Mais arrivons-nous seulement à les dire. A nos proches ? A nos amies ? A notre amoureux (se) ? A nos enfants ?

Et enfin à nous même ?

Je t’aime. Trois mots qui ne sont pas à prendre à la légère. Aimer c’est simple et compliqué à la fois. Simple car aimer vient de notre être, de notre cœur. Et nous avons tous un cœur. Compliqué car aimer s’accorde avec liberté, authenticité, confiance, respect, inconditionnalité. C’est là que le bât blesse. Il semblerait que nous mettions souvent des conditions à l’amour.

Envers les autres.

Envers nous-même.

Comment aimer les autres quand on ne s’aime pas soi-même ? Je me pose la question depuis quelques années. Je n’y avais jamais pensé avant. Je n’avais jamais pensé d’ailleurs à l’importance de m’aimer. Les autres avant. Toujours.

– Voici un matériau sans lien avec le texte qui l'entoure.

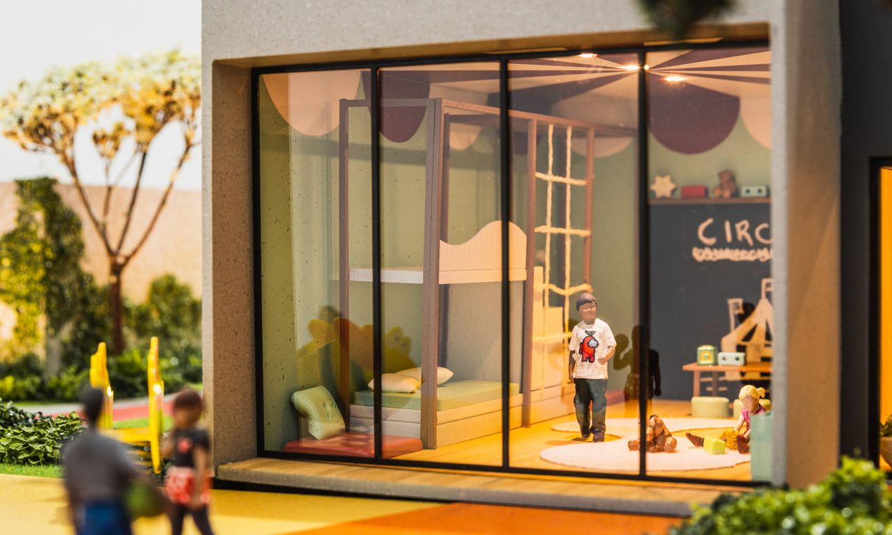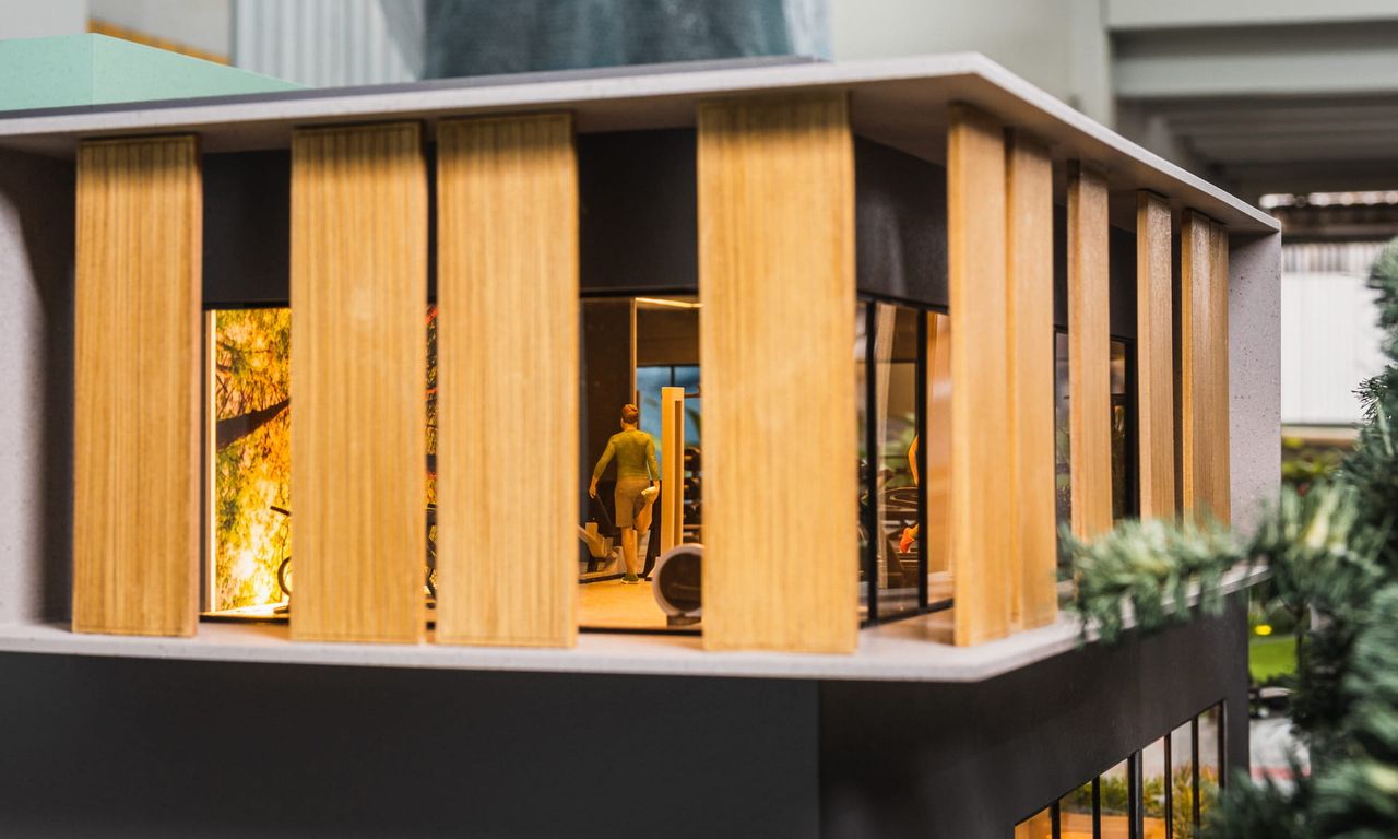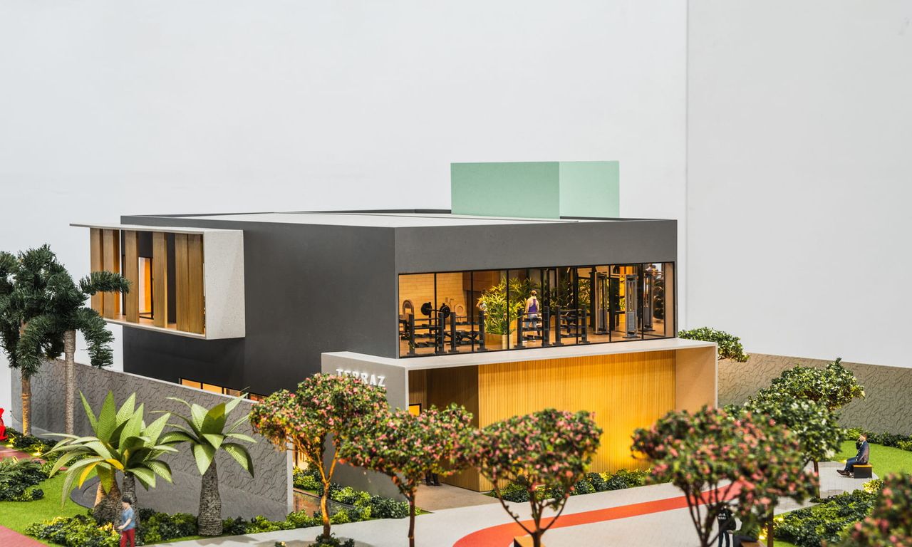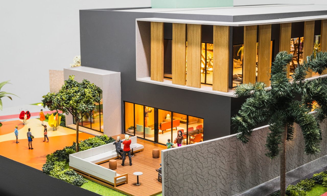 A ampliação do clube é o grande destaque deste empreendimento e a parte da piscina, conseguimos seguir todo o projeto de interiores, com mobiliários e iluminação que deixam o ambiente ainda mais charmoso e sofisticado. Os brinquedos nas piscinas e playgrounds foram detalhados com cuidado, e os mobiliários ao redor da piscina foram escolhidos a dedo para criar um ambiente confortável e relaxante. Para tornar a maquete ainda mais realista, usamos diferentes espécies de palmeiras e materiais como concreto aparente, madeira e texturas variadas.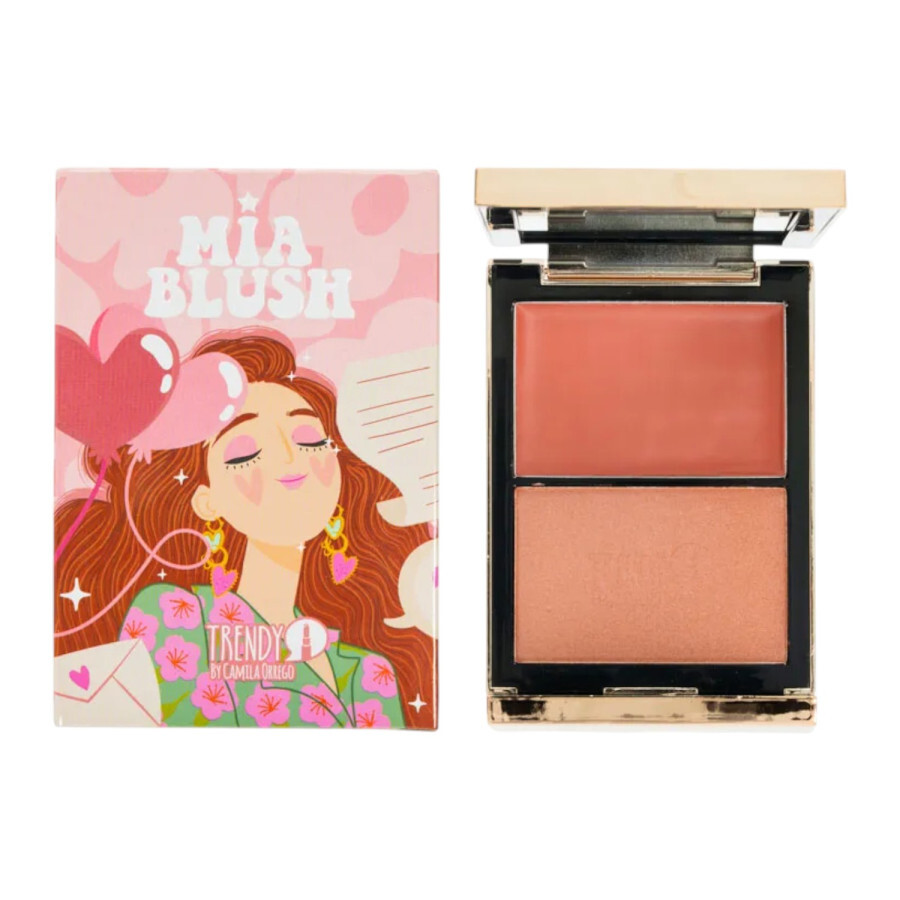 La Paleta Mia Blush de Trendy by Camila Orrego es una práctica paleta facial que combina rubor en crema e iluminador, ideal para lograr un maquillaje fresco, luminoso y lleno de vida.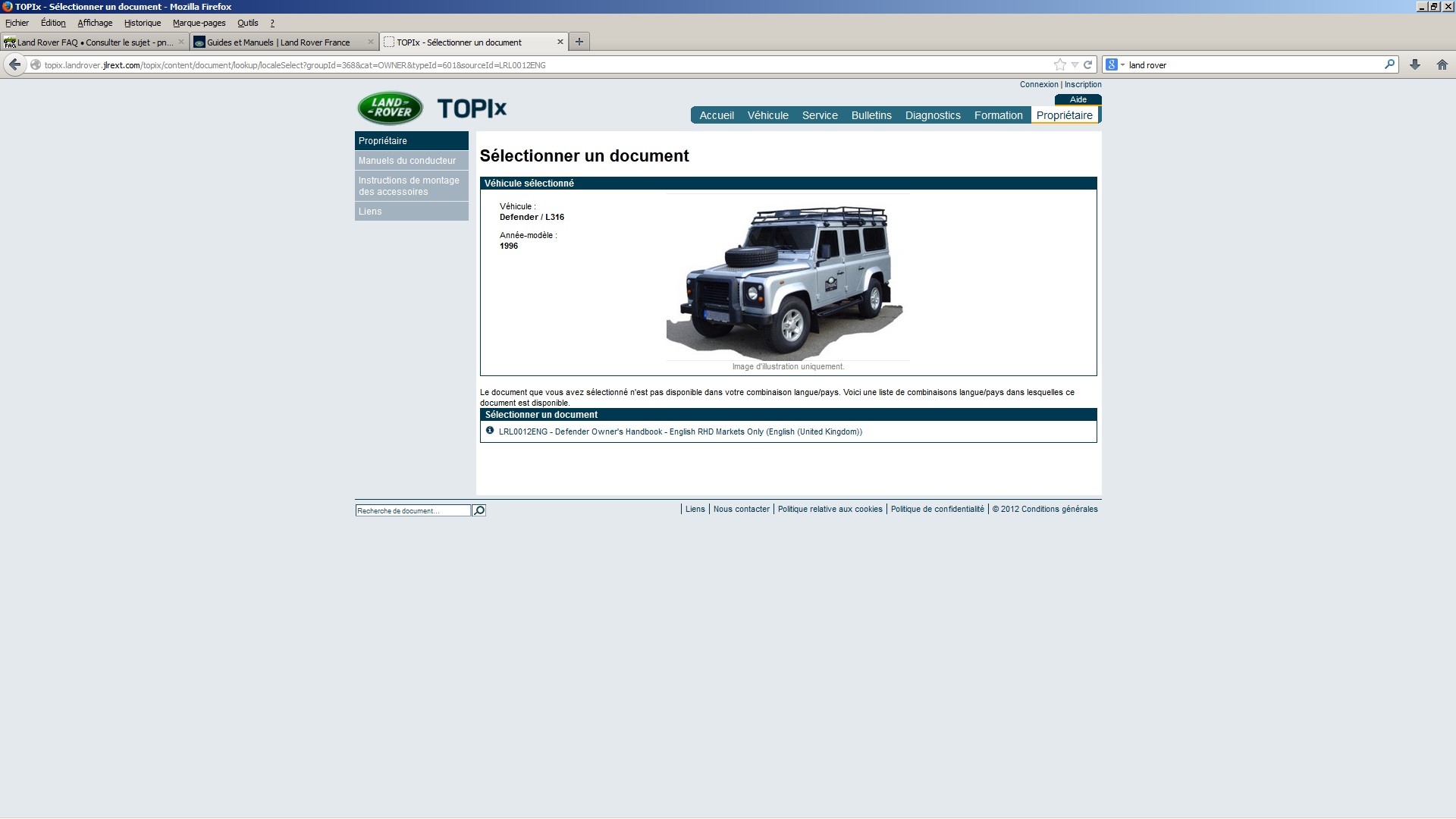 Sur le site (Land Rover TOPIx), après avoir choisi ton véhicule, es tu bien allé dans "Propiétaire" (dans la barre en haut à droite) ?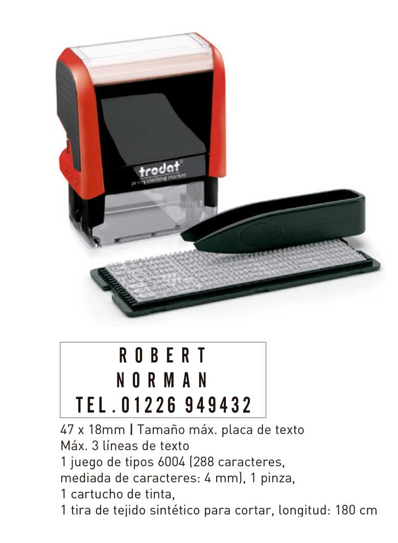 - Se suministra con una tira de tela blanca para marcar sobre tejidos oscuros. Almohadilla entintada con tinta especial para uso textil, resitente al lavado.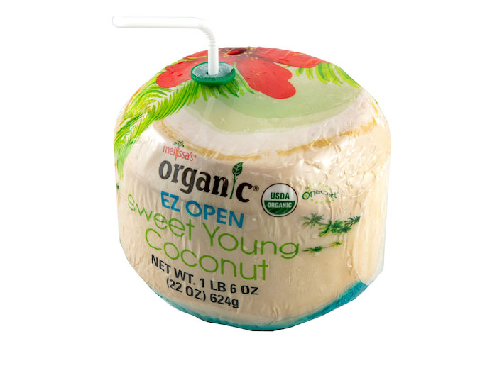 Los Angeles, California – Melissa’s Produce announces a new year-round supply of fresh and convenient, self-standing Sweet Young Coconuts from Thailand. Enjoy refreshing and nutritious coconut water directly from the coconut itself with no fuss! Just pull, press and peel, so opening requires no additional tools! Then use the convenient straw included in the packaging for a quick out of hand thirst quencher; coconut water can also be added as sweetener or flavoring to other drinks, baked goods and dessert dishes.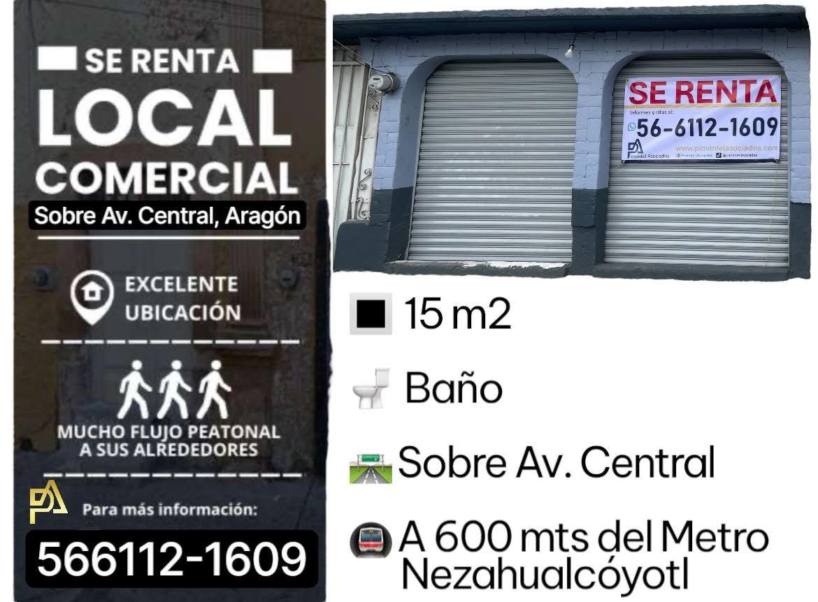 @pimentelasociados Se Renta Local Comercial 15 m2 📍Sobre Av. Central a 300 mts del Metro Nezahualcoyotl Renta Mensual $6,000 ℹ️ Información y citas www.pimentelasociados.com 56-6112-1609 #localenrenta #accesoria #rentalocal #bosquesdearagon

Est-ce parce que c’est plus facile de penser aux autres que de s’intéresser à soi ? Est-ce parce que s’intéresser à soi implique de creuser, de déterrer des blessures, de laisser tomber des principes qui nous oppressent, de travailler, d’aller à l’intérieur de soi – un intérieur longtemps délaissé ? Est-ce parce qu’on nous a souvent répété qu’il « fallait » penser aux autres ? Est-ce parce l’altruisme est érigé en valeur souveraine ? Et l’égoïsme un travers dans lequel nous craignons de tomber facilement ?

Et si entre altruisme et égoïsme, il y avait juste l’être. On ne peut pas offrir ce qu’on n’a pas. On ne peut pas recevoir ce qu’on n’est pas prêt à accepter dans notre vie. Ne serait-ce qu’un compliment. Comment offrir un compliment sincère qu’on ne se ferait pas à nous-même ? Comment recevoir un compliment sincère en se dénigrant sans cesse ?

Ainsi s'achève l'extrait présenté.